X-linked lymphoproliferative disease 1 (XLP1) is a type of X-linked lymphoproliferative disease. XLP is a rare genetic condition that causes the immune system to overreact to the Epstein-Barr virus (EBV) infection. It causes a severe inflammatory syndrome called hemophagocytic lymphohistiocytosis (HLH). XLP1 patients are also more likely to develop lymphomas or low antibody levels, which can cause repeated or serious infections. Only about 1 male in 1 million has XLP1.
XLP1 is caused by a change in the SH2D1A gene. The SH2D1A gene is responsible for coding the SAP protein. The body needs the SAP protein to control the immune system. People with XLP1 have problems with the SAP protein or they do not have the protein at all. Another name for XLP1 is SAP deficiency.
The genetic change that causes XLP1 is on the X chromosome. Boys have one X chromosome and one Y chromosome. They develop XLP when they have a changed copy of the SH2D1A gene on their X chromosome.
Girls have two X chromosomes. They would need to have a changed copy of the SH2D1A gene on both X chromosomes to get XLP1. This almost never happens. But, girls can be carriers of the genetic change. This means they can pass it along to their children.
XLP1 Signs, Symptoms and Other Problems
XLP1 symptoms can vary from person to person. In general, people with this condition are at increased risk for these three health conditions:
Hemophagocytic lymphohistiocytosis (HLH), a rare disorder of the immune system that causes organ damage (usually triggered by infection with EBV)
- Lymphoma, a type of blood cancer
Hypogammaglobulinemia, lower than normal levels of proteins called antibodies
Not everyone with XLP1 will have all three of these conditions. It is not clear why some people get them while others do not. A person can have one of these conditions and not the others.
Children with XLP1 also can develop:
An abnormal immune system response to EBV
- Aplastic anemia (bone marrow failure)
- Vasculitis (small blood vessel inflammation)
XLP1 and Hemophagocytic Lymphohistiocytosis (HLH)
About half of the children who have XLP1 develop hemophagocytic lymphohistiocytosis (HLH). HLH in patients with XLP1 is usually triggered by EBV infection. HLH causes uncontrolled inflammation. It damages organs in the body and can be life-threatening. Signs and symptoms of HLH include:
- Swollen lymph nodes (glands in the neck, under the arm or in the groin)
- Enlarged liver and spleen
- Liver, heart, spleen and kidney damage
- Skin rash
- Jaundice (yellowing of the eyes and skin)
- Bone marrow problems
- Anemia (not enough healthy red blood cells)
- Thrombocytopenia (low platelets)
- Neutropenia (low neutrophils)
- Digestive problems, such as problems absorbing nutrients
XLP1 and Lymphoma
About 20% to 30% of patients with XLP1 develop lymphoma.
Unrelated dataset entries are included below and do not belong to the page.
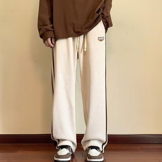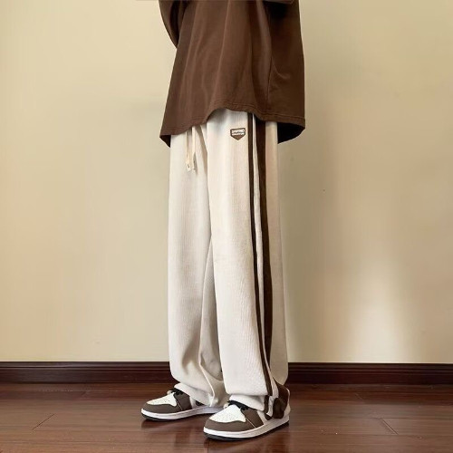 ProMan-กางเกงวอร์มลายทางผู้ชายผู้ชาย ท่อตรง สีเย็บ ขากว้าง มีเนื้อที่มาก
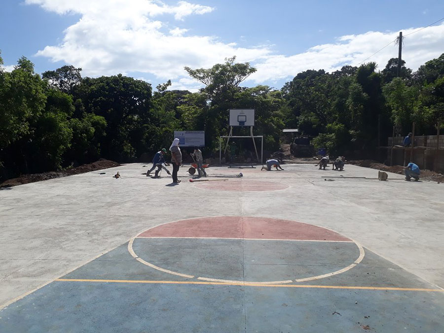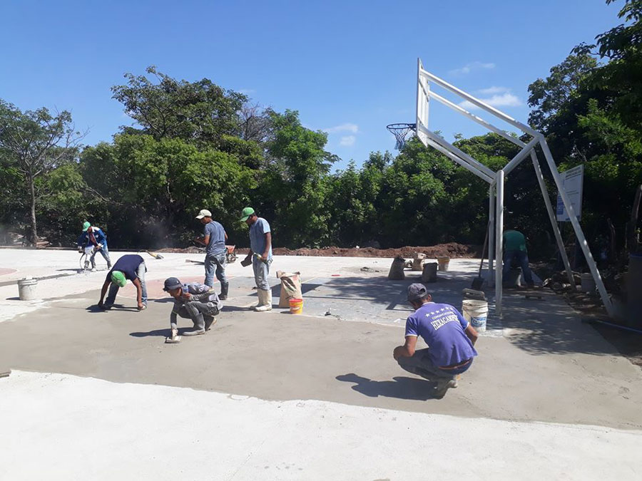 Continúan trabajos en cancha polideportiva aldea Monte Rico
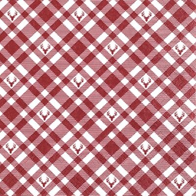 Home Fashion®, Plaid with Deers red, Lunch-Servietten aufgefaltetes Maß 33 cm x 33 cm, im Viertelfalz, 20 Stück pro Pack
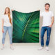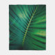 A blanket with a closeup photo of a green tropical leaf displaying some vibrant palm fronds.
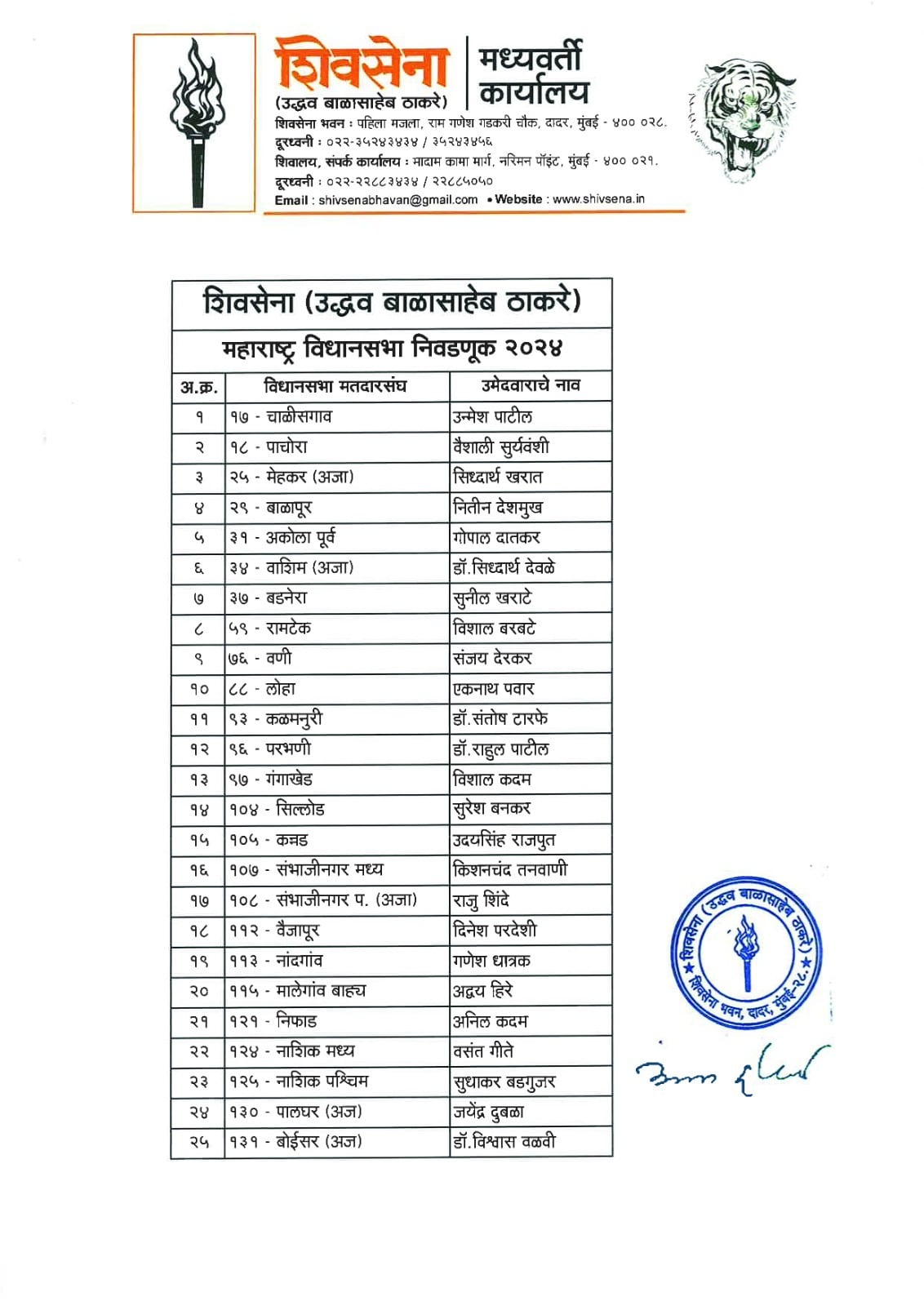 उद्धव ठाकरे की शिवसेना ने किया 65 उम्मीदवारों का ऐलान, जानिए किसको कहां से मिला टिकट

This is a cancer that affects immune cells called lymphocytes. Most of the time, in children with XLP1, lymphoma develops after a child is infected with the Epstein-Barr virus. Signs and symptoms of lymphoma include:
- Lack of appetite and weight loss
- Enlarged lymph nodes
XLP1 and Hypogammaglobulinemia
One-third to two-thirds of children with XLP1 develop hypogammaglobulinemia. This condition causes lower than normal levels of proteins called antibodies. Signs and symptoms include:
- Repeated or serious infections
- Cold symptoms
- Stomach problems
If your child’s doctor is concerned that your child may have XLP1, the first step after a physical exam and symptom check is to do a blood test. Your doctor may test your child’s blood for “SAP protein level.” If the tests show little to no SAP protein that may mean that the child has XLP1.This means genetic testing should be done.
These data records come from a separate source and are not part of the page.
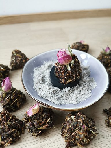 Alles miteinander vermischen und mit dem Mörser anstoßen, 2 große Löffel Wasser hinzufügen, alles vermengen und kleine Kugeln formen. Die Räucherkugeln etwa einen Tag durchtrocknen lassen. Fertig !Ihr könnt die Räuchermischung natürlich auch einfach so räuchern.
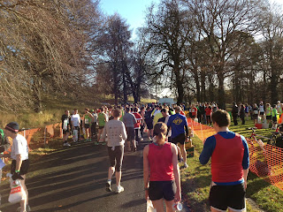 I was wearing the VFFs, I wanted to get back to them as I hadn’t worn them much recently. There were areas generally marked off for "sub-16", "sub-20" etc. I hung around the "sub-25" bit, as I was just planning on doing this as a run, not really as a race. My OH went back to the 30 min area and I started trying to keep warm. I got a few of the usual funny looks, or at least my feet did…you get used to it.
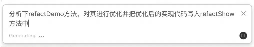 编辑器中使用command+k唤起AI对话框,输入我们希望Cursor做的工作。
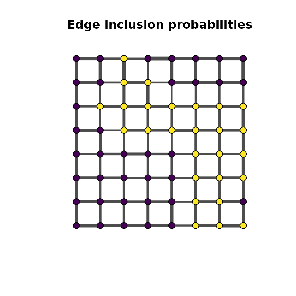 For the examples below we use a simple region-growing algorithm to generate irregular spatial clusters on a grid graph. Starting from random seed vertices, regions expand outward one cell at a time, producing blocky but asymmetric patterns:
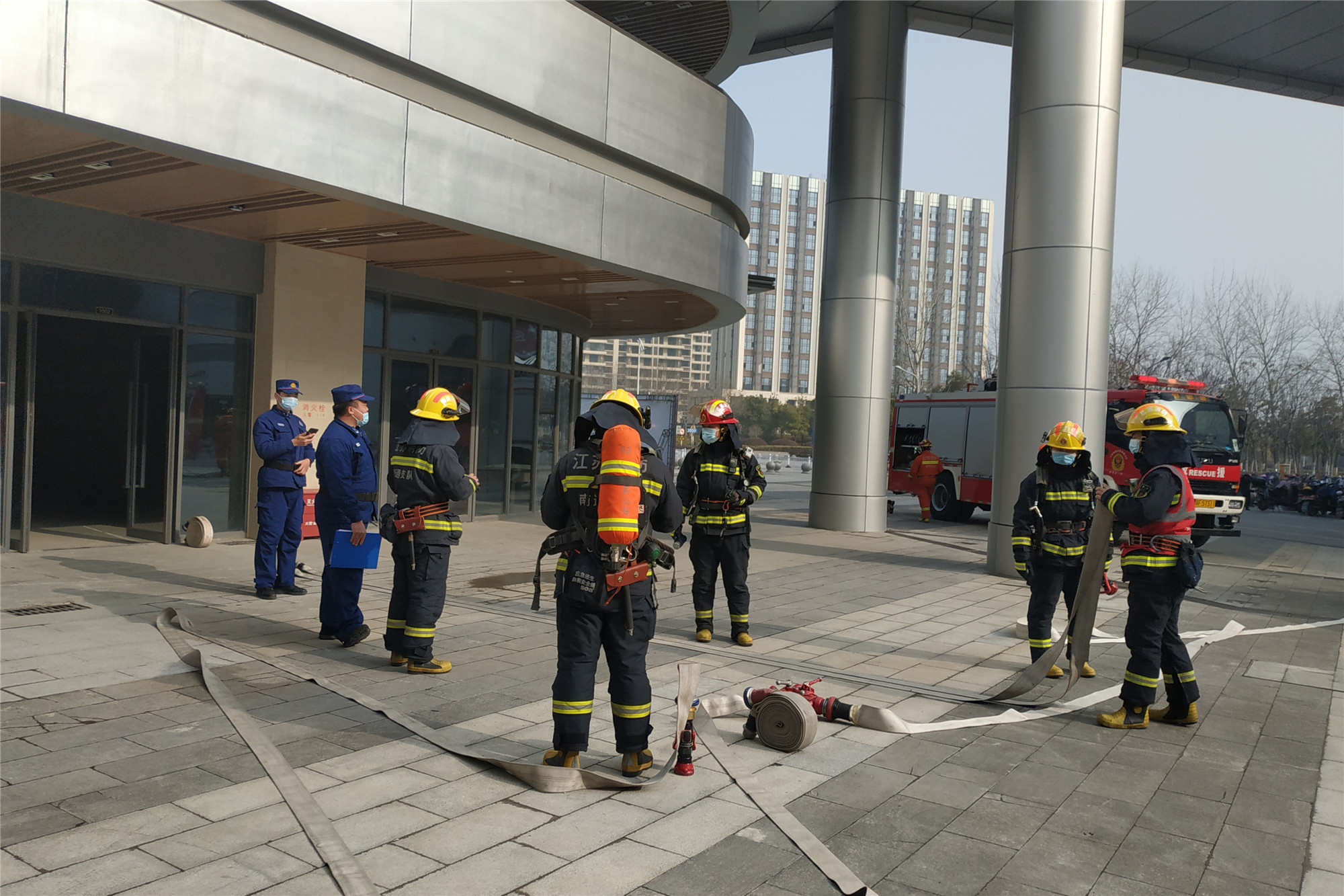 國(guó)城廣場(chǎng)是一個(gè)集商業(yè)、寫(xiě)字樓、公寓等為一體的商業(yè)綜合體。為提高消防救援對(duì)商業(yè)綜合體火災(zāi)事故的應(yīng)急處理能力,觀(guān)音山消防救援中隊(duì)聯(lián)合國(guó)城廣場(chǎng)于1月27日上午,在國(guó)城廣場(chǎng)開(kāi)展了商業(yè)綜合體消防檢查與滅火救援演練。
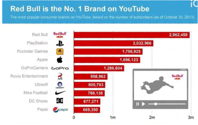 目前,紅牛的YouTube訂閱者多達(dá)1070萬(wàn),Instagram粉絲為1646萬(wàn),無(wú)數(shù)公司想要的流量和年輕人,紅牛已經(jīng)早早握在手中。
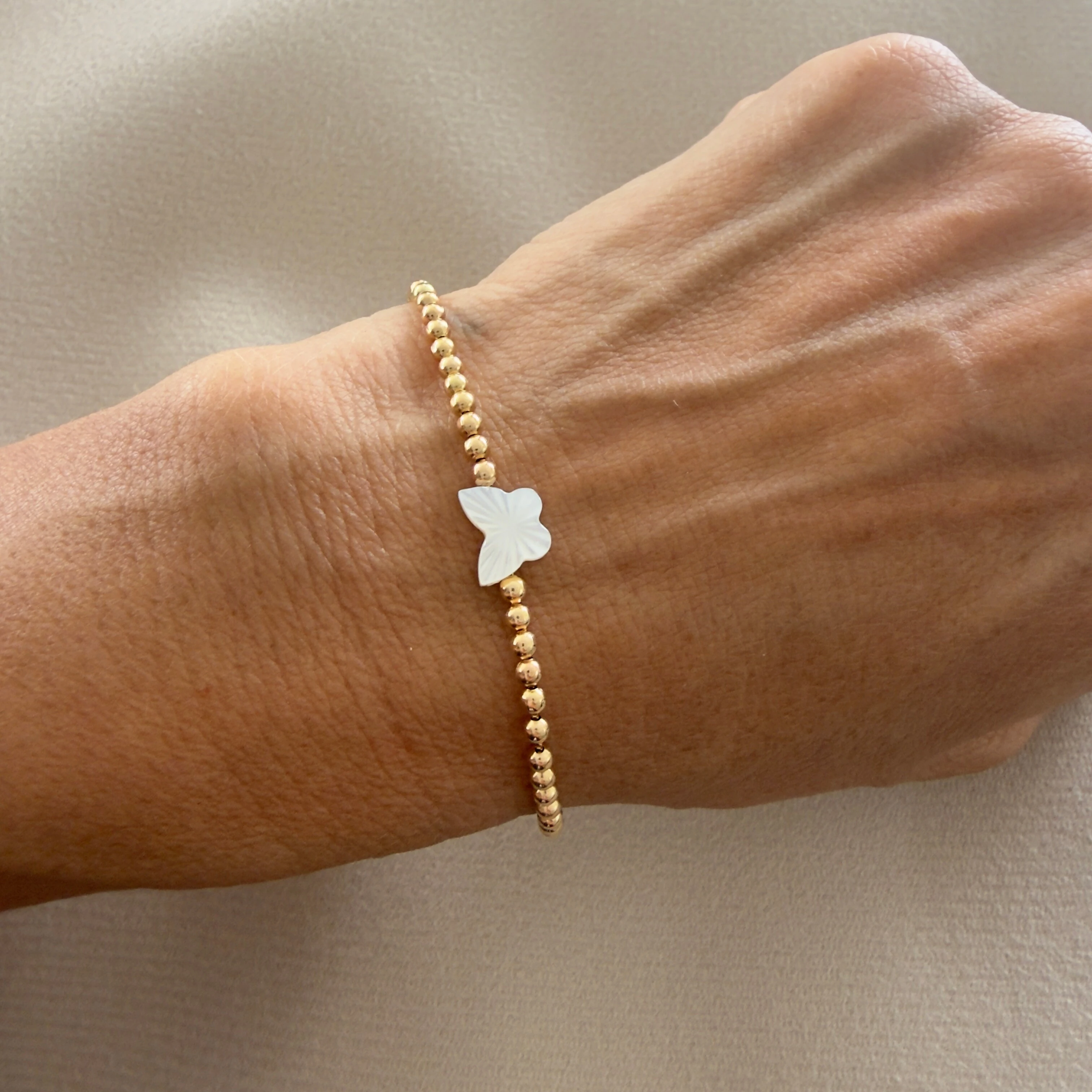 Pulseira Shamballa Bolinhas com Borboleta Madrepetola em Dourado
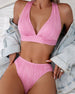 SPESIFIKASJONER Stil: Ferie Materiale: 15% Spandex,85% Polyester Anledning: Ferie Halslinje: Halter Mønstertype: Trykt Erme lengde: Ermeløs Topp type: Bikini BH type: Push up Truse type: Høyt snitt Passform type: Skinny Detaljer: Ryggløs Pakken inkluderer: 1 x Bikini STØRRELSESTABELL (cm) Størrelse Bryst Midje Hofte Under byste S 88 73 96 ...

Your doctor may order a genetic test to diagnose XLP1 with or without doing the “SAP protein level” test. Genetic testing is the best way to diagnosis XLP1. Your doctor may also test your child’s bone marrow to check for signs of XLP1 or cancer.
At this time, the only cure for XLP1 is allogeneic hematopoietic stem cell transplantation (bone marrow transplant with blood-forming stem cells).
If your child has X-linked lymphoproliferative disease 1, the care team will focus on providing therapies that regulate the immune system. Treatment for XLP1 can include:
- Antibiotics to prevent infection
- Immunoglobulin (a type of antibody) to help the immune system work better
- Immune suppressant drugs
Children with XLP1 need ongoing care from an experienced team of specialists. These specialists will work to find problems early so that treatment can help minimize the effects of this disease. For example, if your child develops lymphoma, they will need to have standard cancer treatment. If your child develops hypogammaglobulinemia, treatment may involve infusions to treat low antibody levels.
Children with XLP1 should not have live virus vaccines because of their abnormal immune system. These include rotavirus; chickenpox/varicella; and measles, mumps and rubella (MMR).